Victor is ending a 16 season career that saw him play for Cleveland, Boston and Detroit. Now comes the laundry list of achievements:

lifetime .295 hitter, .360 OBP

2,146 hits

up until 2016 was a hitting over .300 from both sides of the plate for his career

5 All Star games

2nd in MVP voting 2014

2 Silver Slugger awards

voted in Top 25 MVP voting 6 times

729 career walks to only 889 career strike outs

While talking to the Detroit News a few weeks ago, VMart expounded on his career and chase for a World Series’ title that never came:

"I think everybody wishes for a ring," he said Saturday in Minneapolis. "But when I say I am going to leave with no regrets; I know I did everything I could do, individually. I was a guy who didn’t take long vacations, just two or three weeks off after the season and then start working out again. And I was like that for 16 years. At the end of the day, this is not a one-man or two-man sport. I did what I could to get that ring; I really did. But you know what, I am going to go home happy."

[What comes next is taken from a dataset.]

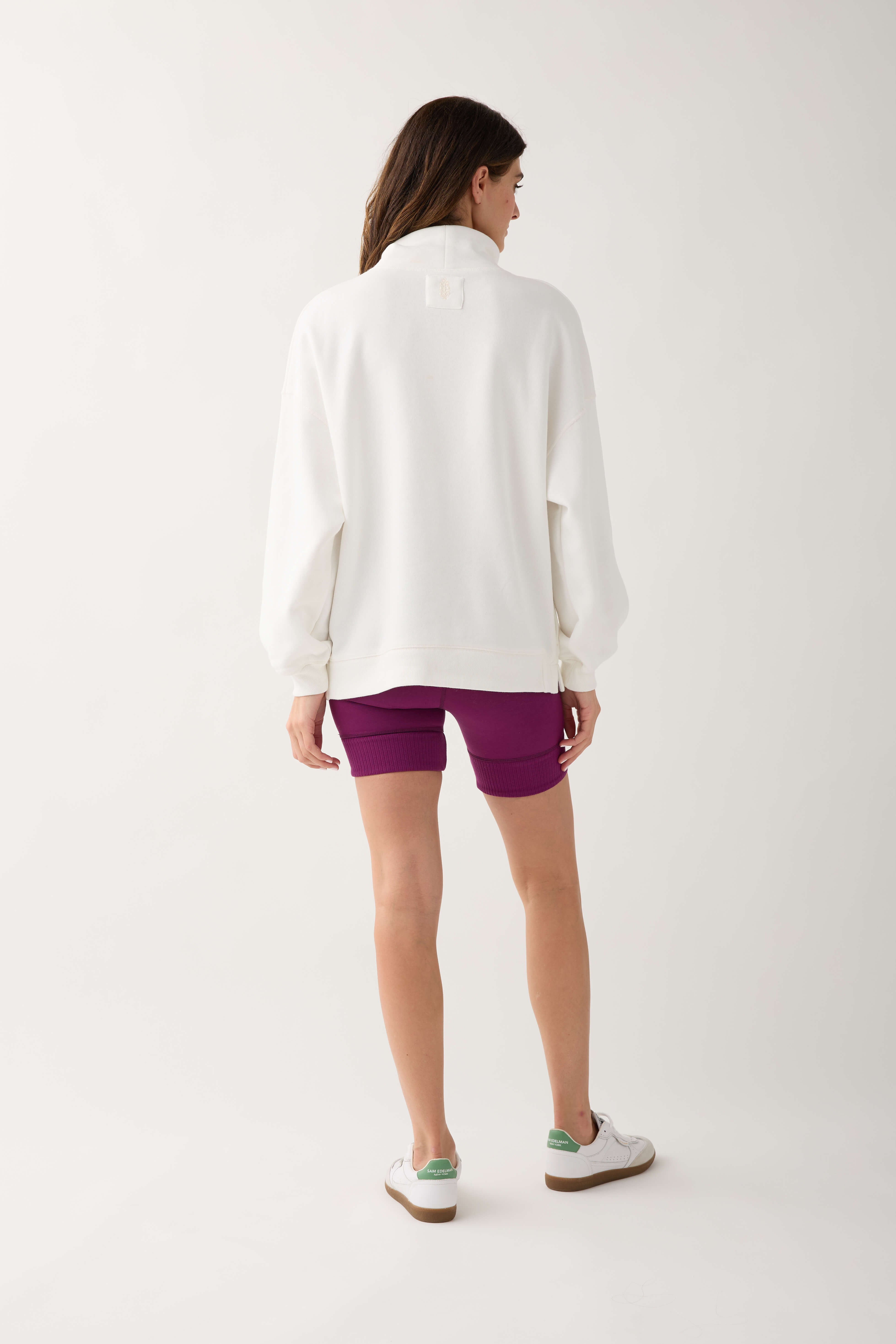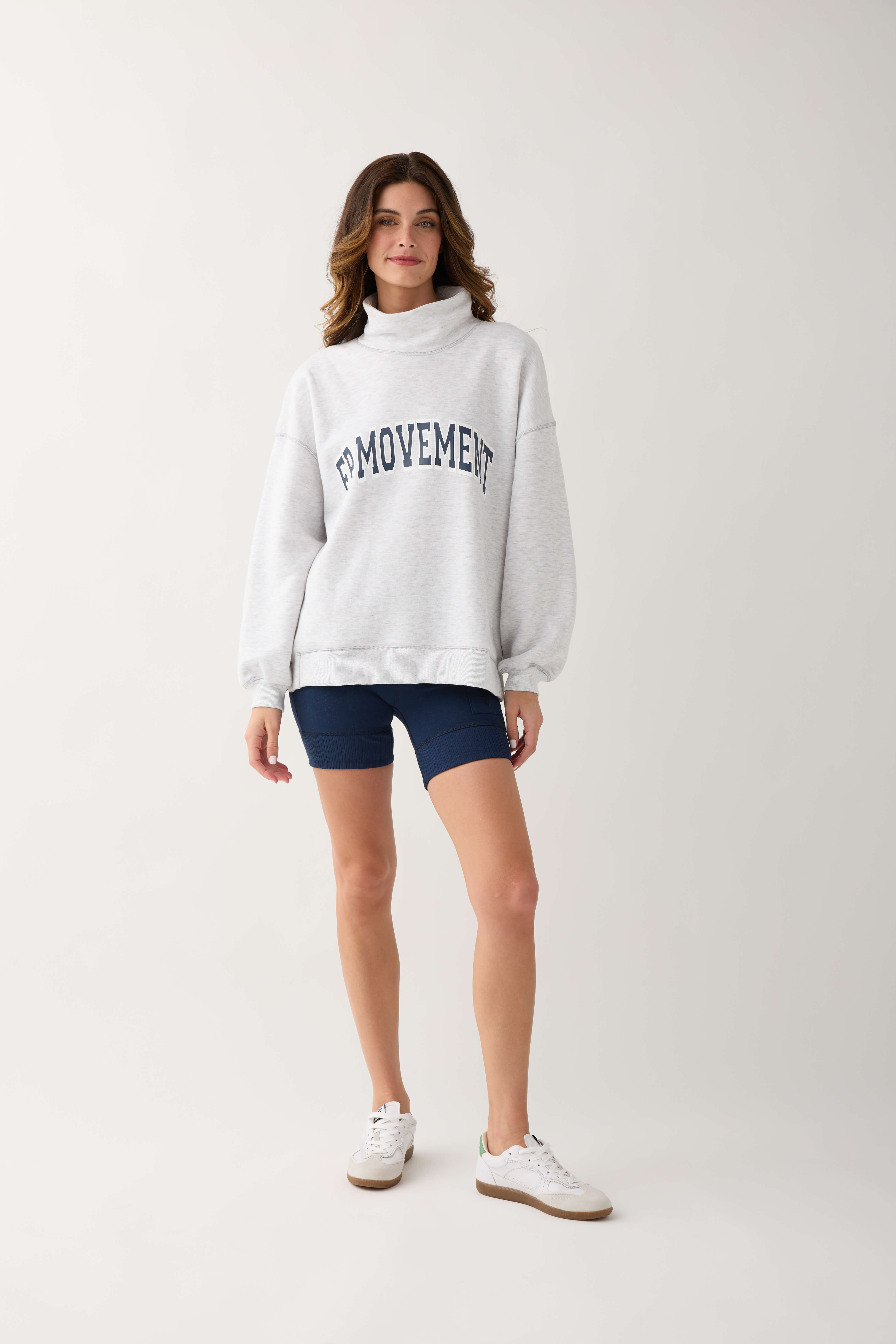 This is a high – collar oversized sweatshirt that offers a casual yet stylish look. It has a thick, soft fabric with a plush texture, and the interior is brushed for added comfort. Available in various color options, it features bold front graphics and a high, relaxed mock neck, making it suitable for both standalone wear and layering.

And as the great ones do, Martinez elevated his game at peak moments in the playoffs, hitting .315 with 6 HRs and 22 RBIs in 39 playoff games. While injuries have cut his career and potential Hall-of-Fame chances down, Victor has always approached the game with a professionalism that is rare in today's game.

Always humble and sentimental, it wasn't uncommon for Martinez to walk the areas around Jacobs' Field and downtown on road trips to Cleveland through the years, soaking in the memories of his early baseball years here. Victor was an undrafted free agent from Venezuela in 1996. While he was a shortstop in his teen years, he was transitioned into a catcher in the Tribe system and was a September call-up in 2002. 2004 was where Victor took hold of his status on the Indians in his first full season, hitting 23 HR with 108 RBIs (an Indians' record for a catcher).

The VMart story in Cleveland was a joyous one, with a painful ending. Victor was team captain and unequivocal leader of a team that came within an eyelash of making the World Series in 2007 (one that surely they would have won against the woeful Colorado Rockies). Burned in my memory is the look on Victor’s face of disappointment and sadness on the top step of the dugout as the Red Sox closed out game 7 of the ALCS. It was a rare look inside a player that actually felt the pain that the fans were going through at that very moment.

The Tribe took huge steps backward in 2008 and 2009, so Mark Shapiro traded our captain, our heart, and our soul to those same Red Sox for Nick Hagadone, Justin Masterson and Bryan Price. The return was uninspiring and had an almost a funeral-like feel. To Tribe fans that understood the importance of a real, live leader in the dugout, locker room and on the field, that trade tore our hearts out and meant another rebuild that we had just gone through 8 years before. Oh, the pain.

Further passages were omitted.